0
votes

I am trying to run flink job as below to read data from Apache Kafka & print:

Java Program

    StreamExecutionEnvironment env = StreamExecutionEnvironment.getExecutionEnvironment();

    Properties properties = new Properties();
    properties.setProperty("bootstrap.servers", "test.net:9092");
    properties.setProperty("group.id", "flink_consumer");
    properties.setProperty("zookeeper.connect", "dev.com:2181,dev2.com:2181,dev.com:2181/dev2");
    properties.setProperty("topic", "topic_name");

    DataStream<String> messageStream = env.addSource(new FlinkKafkaConsumer082<>("topic_name", new SimpleStringSchema(), properties));

            messageStream.rebalance().map(new MapFunction<String, String>() {
                private static final long serialVersionUID = -6867736771747690202L;

                public String map(String value) throws Exception {
                    return "Kafka and Flink says: " + value;
                }
            }).print();

            env.execute();

Scala Code

  var properties = new Properties();
  properties.setProperty("bootstrap.servers", "msg01.staging.bigdata.sv2.247-inc.net:9092");
  properties.setProperty("group.id", "flink_consumer");
  properties.setProperty("zookeeper.connect", "host33.dev.swamp.sv2.tellme.com:2181,host37.dev.swamp.sv2.tellme.com:2181,host38.dev.swamp.sv2.tellme.com:2181/staging_sv2");
  properties.setProperty("topic", "sv2.staging.rtdp.idm.events.omnichannel");
  var env = StreamExecutionEnvironment.getExecutionEnvironment();
  var stream:DataStream[(String)] = env
.addSource(new FlinkKafkaConsumer082[String]("sv2.staging.rtdp.idm.events.omnichannel", new SimpleStringSchema(), properties));
  stream.print();
  env.execute();

Whenever I run this in app in eclipse, I see below out to start with:

03/27/2017 20:06:19 Job execution switched to status RUNNING.

03/27/2017 20:06:19 Source: Custom Source -> Sink: Unnamed(1/4) switched to SCHEDULED 03/27/2017 20:06:19 Source: Custom Source -> Sink: Unnamed(1/4) switched to DEPLOYING 03/27/2017 20:06:19 Source: Custom Source -> Sink: Unnamed(2/4) switched to SCHEDULED 03/27/2017 20:06:19 Source: Custom Source -> Sink: Unnamed(2/4) switched to DEPLOYING 03/27/2017 20:06:19 Source: Custom Source -> Sink: Unnamed(3/4) switched to SCHEDULED 03/27/2017 20:06:19 Source: Custom Source -> Sink: Unnamed(3/4) switched to DEPLOYING 03/27/2017 20:06:19 Source: Custom Source -> Sink: Unnamed(4/4) switched to SCHEDULED 03/27/2017 20:06:19 Source: Custom Source -> Sink: Unnamed(4/4) switched to DEPLOYING 03/27/2017 20:06:19 Source: Custom Source -> Sink: Unnamed(4/4) switched to RUNNING 03/27/2017 20:06:19 Source: Custom Source -> Sink: Unnamed(2/4) switched to RUNNING 03/27/2017 20:06:19 Source: Custom Source -> Sink: Unnamed(1/4) switched to RUNNING 03/27/2017 20:06:19 Source: Custom Source -> Sink: Unnamed(3/4) switched to RUNNING

Question I have is:

1) Why am I seeing 4 instance of sink in all the cases(Scheduled, deployed and running).

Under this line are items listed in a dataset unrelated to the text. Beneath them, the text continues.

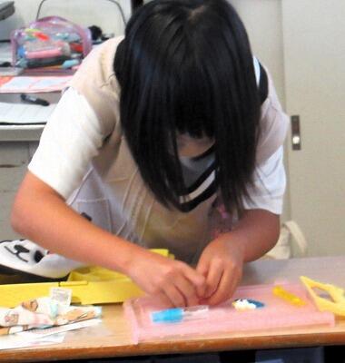 何も撮影できなかったカメラを持ち、2年生教室をのぞくと、図工の時間でした。
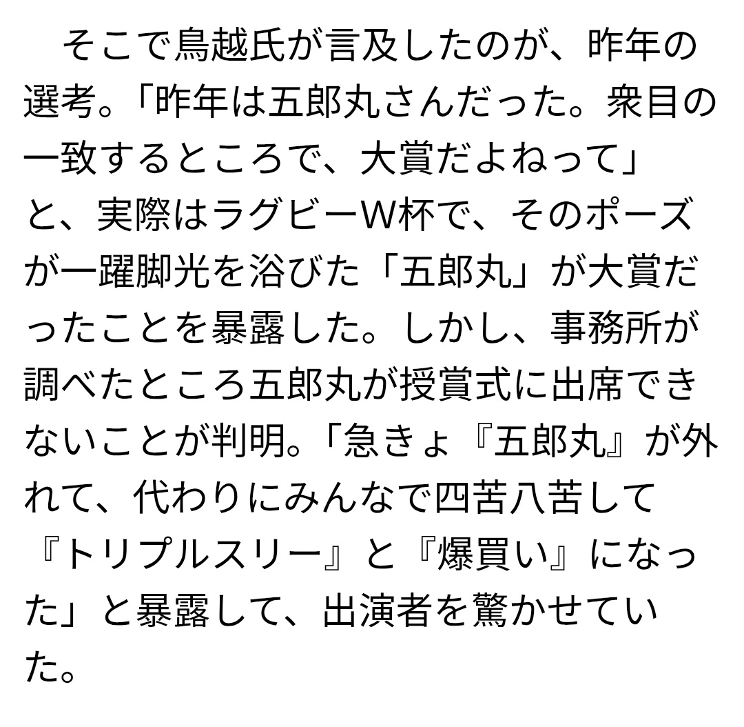 今年はもう一つ大きな賞貰えるんでってネタバレしたどん様(´・ω・`)
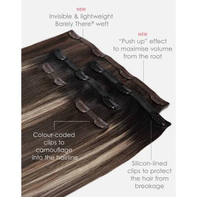 Includes 2 x 3-clip wefts for balanced coverage and volume. Create, customise and elevate your style with Barely There® Mix &
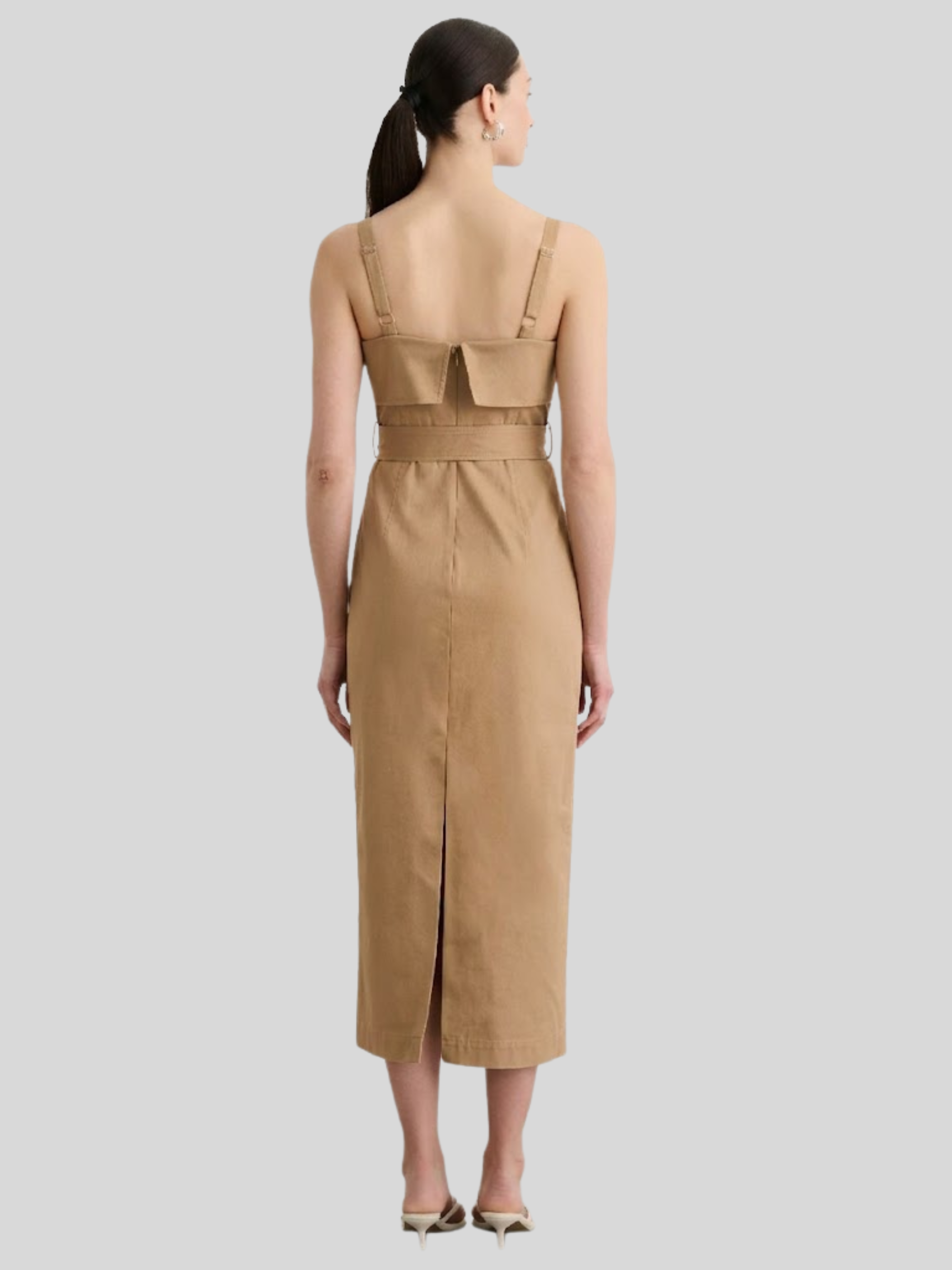 The Theodora Belted Midi Dress is a sleeveless square-neck midi dress with a sculpted fit and a waist-defining belt for a clean, flattering silhouette. Wear it with strappy heels for an elevated occasion look, or layer on a tailored blazer for polished day-to-night styling.

2) For every line received in Apache Kafka, I see being printed here multiple times mostly 4 times. What's a reason?

Ideally I want to read each lines only once and do further processing with it. Any input/help will be appreciable!

1
How many partitions does your topic have?Paul Back
Topic I am using have PartitionCount:6 & ReplicationFactor:2k_b

1 Answers

2
votes

If you run the program in the LocalStreamEnvironment (which you get when you call StreamExecutionEnvironment.getExecutionEnvironment() in an IDE) the default parallelism of all operators is equal to the number of CPU cores.

So in your example each operator is parallelized into four subtasks. In the log you see message for each of these four subtasks (3/4 indicates this is the third of in total four tasks).

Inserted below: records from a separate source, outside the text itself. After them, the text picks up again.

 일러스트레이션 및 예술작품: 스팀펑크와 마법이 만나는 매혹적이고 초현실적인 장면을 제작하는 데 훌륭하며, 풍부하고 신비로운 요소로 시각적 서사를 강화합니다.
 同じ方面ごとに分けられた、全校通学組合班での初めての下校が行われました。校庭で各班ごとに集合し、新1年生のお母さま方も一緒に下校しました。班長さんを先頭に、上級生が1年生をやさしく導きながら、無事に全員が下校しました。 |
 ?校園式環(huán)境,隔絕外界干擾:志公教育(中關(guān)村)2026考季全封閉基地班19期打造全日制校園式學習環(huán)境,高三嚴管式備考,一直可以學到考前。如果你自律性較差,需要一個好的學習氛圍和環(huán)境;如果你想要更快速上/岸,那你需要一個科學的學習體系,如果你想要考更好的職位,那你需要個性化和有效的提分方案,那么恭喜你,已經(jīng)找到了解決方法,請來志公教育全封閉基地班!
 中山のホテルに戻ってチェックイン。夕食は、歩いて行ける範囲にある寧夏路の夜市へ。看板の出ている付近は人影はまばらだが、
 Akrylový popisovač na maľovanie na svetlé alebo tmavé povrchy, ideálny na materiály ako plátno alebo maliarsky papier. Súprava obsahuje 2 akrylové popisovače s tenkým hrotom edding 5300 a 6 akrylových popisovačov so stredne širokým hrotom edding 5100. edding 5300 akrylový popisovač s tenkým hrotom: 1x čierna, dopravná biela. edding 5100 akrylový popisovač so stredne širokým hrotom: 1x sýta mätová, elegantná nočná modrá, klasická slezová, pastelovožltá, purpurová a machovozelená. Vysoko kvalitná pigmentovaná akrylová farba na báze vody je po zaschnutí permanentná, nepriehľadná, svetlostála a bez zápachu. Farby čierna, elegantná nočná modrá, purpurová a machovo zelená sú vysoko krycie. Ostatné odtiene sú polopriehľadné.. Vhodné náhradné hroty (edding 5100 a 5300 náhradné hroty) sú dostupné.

You can control the number of subtasks by calling StreamExecutionEnvironment.setParallelism(int) or call setParallelism(int) on each individual operator.

Given your program, the Kafka records should not be replicated. Each record should only be printed once. However, since the records are written in parallel, line of output is prefixed by x> where x indicates the id of the parallel subtask that emitted the line.